Supervision 2 Questions

  1. Discuss the practical exercises for graph databases. Do you understand the queries and what they are doing?

  2. In SQL, the creator of a database needs to define the schema up front: that is, what columns each table is going to have, and the datatype of each column. This means that all rows in the table have the same set of columns (although some of them may be set to NULL if the value is unknown).

    On the other hand, Cypher does not have an explicit schema: a node can have any set of properties, and you can always add a property with a new name to an existing node.

    Discuss the pros and cons of these two approaches.

  3. In the graph databases tutorial we showed a Cypher query for find the number of co-actors for Jennifer Lawrence. How would you write the same query in SQL?
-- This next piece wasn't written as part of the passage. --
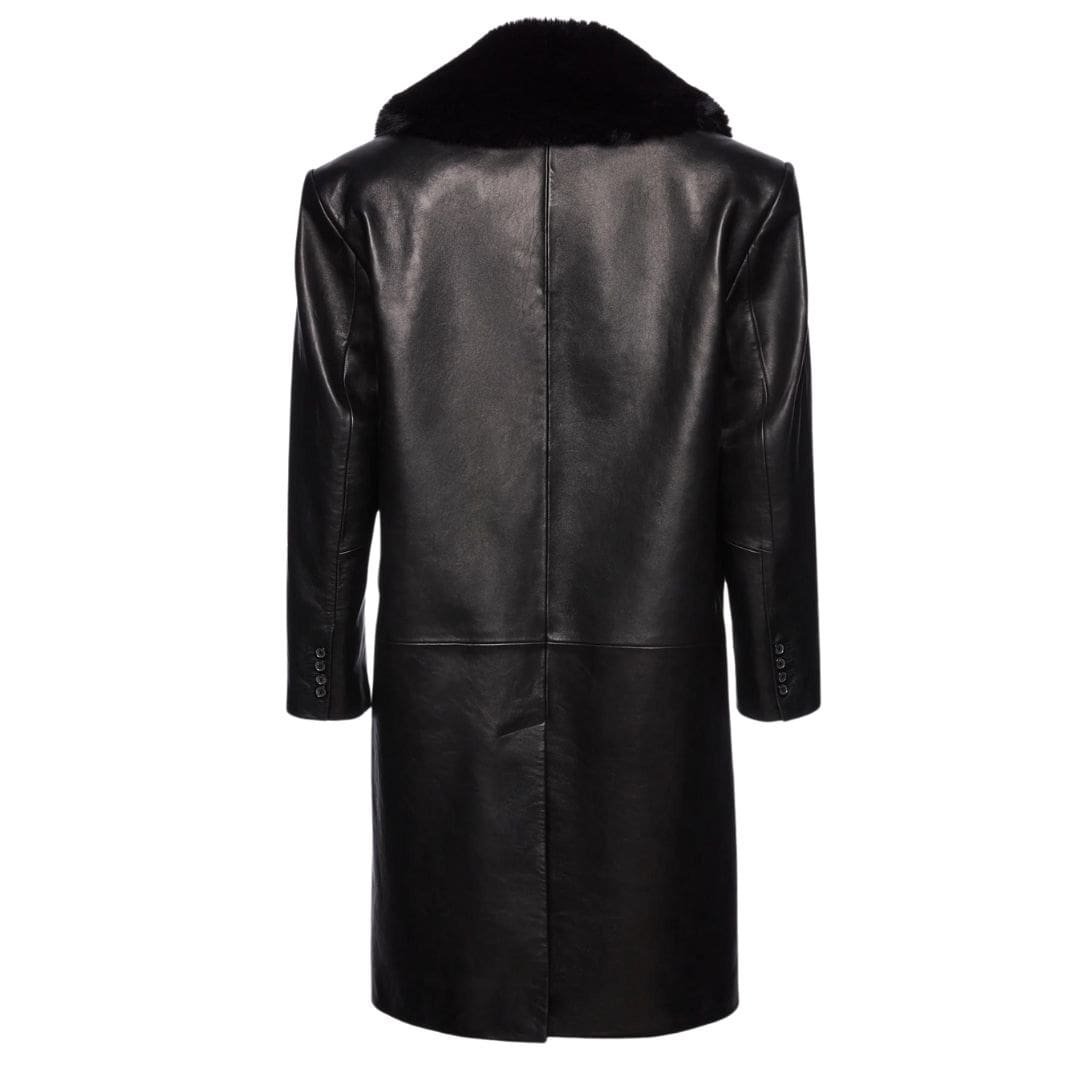 Crafted from high-quality leather, this coat boasts impeccable craftsmanship and superior-quality materials that ensure durability and longevity. The supple leather not only adds a luxurious feel to the coat but also protects it from the elements, making it a versatile outerwear option for any occasion.
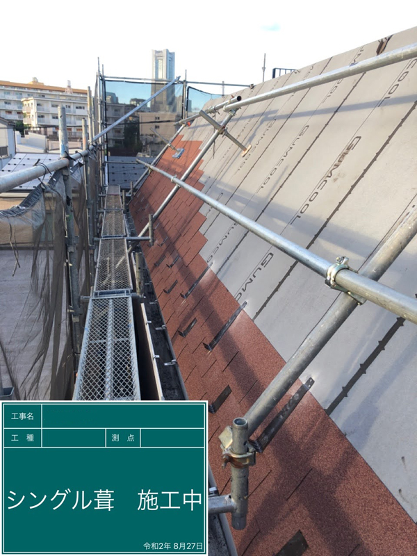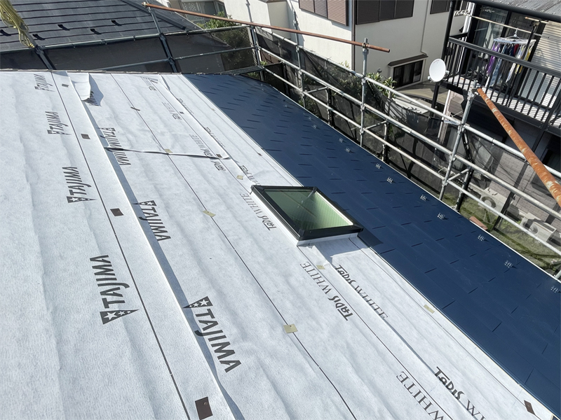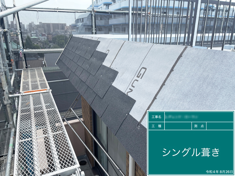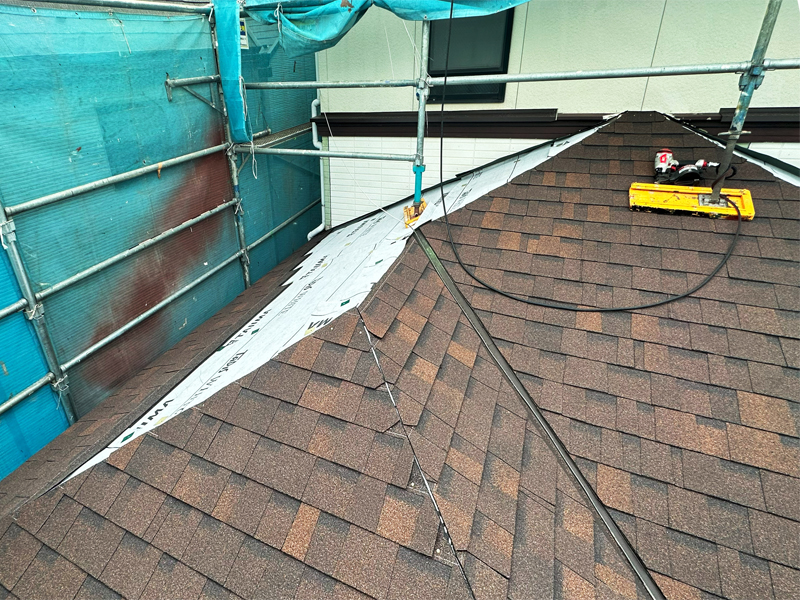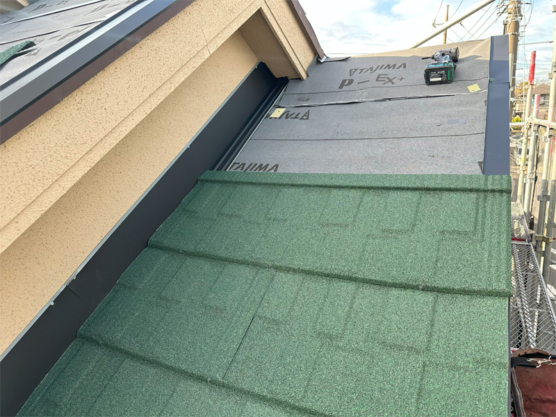 カバー工法で既存材の上に、同じ田島ルーフィング(株)製のシングル材を葺き重ねました。色も同じブラックスワンです。

  4. We discussed several examples of Cypher queries that have close equivalents in SQL, and some examples that are hard to express in SQL. Discuss: would it make sense to move existing SQL-based applications to Cypher? In what circumstances would you choose one query language over the other?

  5. In the example graph database, there are 22 nodes of label Genre, but in the relational database, the genres table has 273 rows. How do you explain this discrepancy? What are the consequences of this difference in data model?

  6. What do you think the database software is doing internally when you ask it to find the shortest path between two nodes? Describe it in words (no code required).